While multiport memories have traditionally had a reputation for being difficult to implement, new technology now makes multiport memories an attractive choice for high performance networking applications. At Memoir we have developed Algorithmic Memory™, essentially a configurable multiport memory that can be synthesized by combining commercially available single-port memory IP with specialized memory algorithms. These algorithms employ a variety of techniques within the memory to increase performance such as caching, address-translation, pipelining, encoding, etc. which are all transparent to the end user. The resulting memories appear as standard multiport embedded memories (typically with no added clock cycle latency), that can be easily integrated on chip within existing SoC design flows.

Algorithmic Memory addresses the challenges of memory performance at a higher level.
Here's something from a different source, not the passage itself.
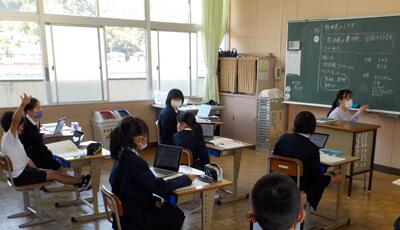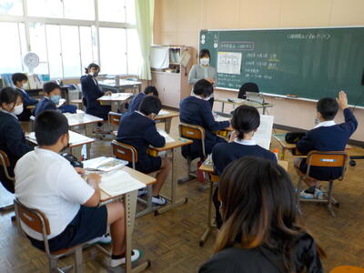 5年生・・・。外国語。元気よくコミュニケーションを図る姿がありました。

It allows system architects to treat memory performance as a configurable characteristic with its own set of trade-offs with respect to speed, area and power. For example, it is possible to increase the performance of single-port memory by 4X, as measured in memory operations per second (MOPS), by using the single-port memory to generate a four-port Algorithmic Memory.

In addition, the read and write ports of these multiport memories can be configured based on the application requirement. For example, as shown in Figure 1, multiport memories with four read ports (e.g.: 4Ror1W per cycle multiport memory) can be used for applications such as lookups which primarily need read performance, and perform occasional writes. Similarly, other applications such as Netflow, Statistics Counters, etc. (which need equal read and write performance) can use 2R2W multiport memories.
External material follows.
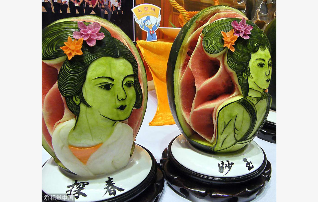 Two watermelons are carved into two of the characters from the Chinese classic A Dream of the Red Mansion. Photo: VCG figcaption >

Figure 1. There are no single-port memories that can support networking data-paths with 600M packets (or 1200M 64-byte cells/sec) per second. Four-port Algorithmic Memory can deliver up to 2400 million MOPS at 600 MHz as required for next generation 10G/100G Ethernet systems. Memory read/write ports can also be configured for application specific requirements, including asymmetrical reads and writes.

Depending on the memory IP core that is selected, it is possible to create memories with performance increases of up to 10X more MOPS. In some cases, Algorithmic Memory technology can also be used to lower memory area and power consumption without sacrificing performance. This is because there is a significant area and power penalty when a higher performance memory is built using circuits alone. With Algorithmic Memory technology, it is possible to take a lower performance memory (which typically has lower area and power), incorporate memory algorithms, and synthesize a new memory. The new Algorithmic Memory achieves the same MOPS as a high performance memory built using circuits alone, but can have lower area and power. The area and power savings are even more beneficial for high performance networking ASICs (typically over ~400mm[SUP]2[/SUP] and over 80W in power) that are architected at the inflection point of cost, power, yield and buildability.

Since they are implemented as a soft RTL, Algorithmic Memories are compatible with any process, node, or foundry. The memories use a standard SRAM interface with identical pinouts, and integrate into a normal SoC design flow, including ASIC, ASSP, GPP and FPGA implementations.

In summary, memory processing tends to be the weak link in increasing network performance. Networking wire speeds are increasing faster than the increase in memory clock speeds. Networking gear is very memory intensive and often requires several memory operations per packet. The bottom line is that faster processors alone cannot improve network performance unless we are able to increase the total MOPS. As rates approach 400 Gb/s, there are no practical viable memory solutions, other than to use multiport memories. As rates approach 400 Gb/s, there are no practical viable physical memory solutions. Algorithmic memories (which build on physical memories), offer a scalable and versatile alternative, that can help alleviate the performance challenges of aggregated 100G Ethernet and beyond.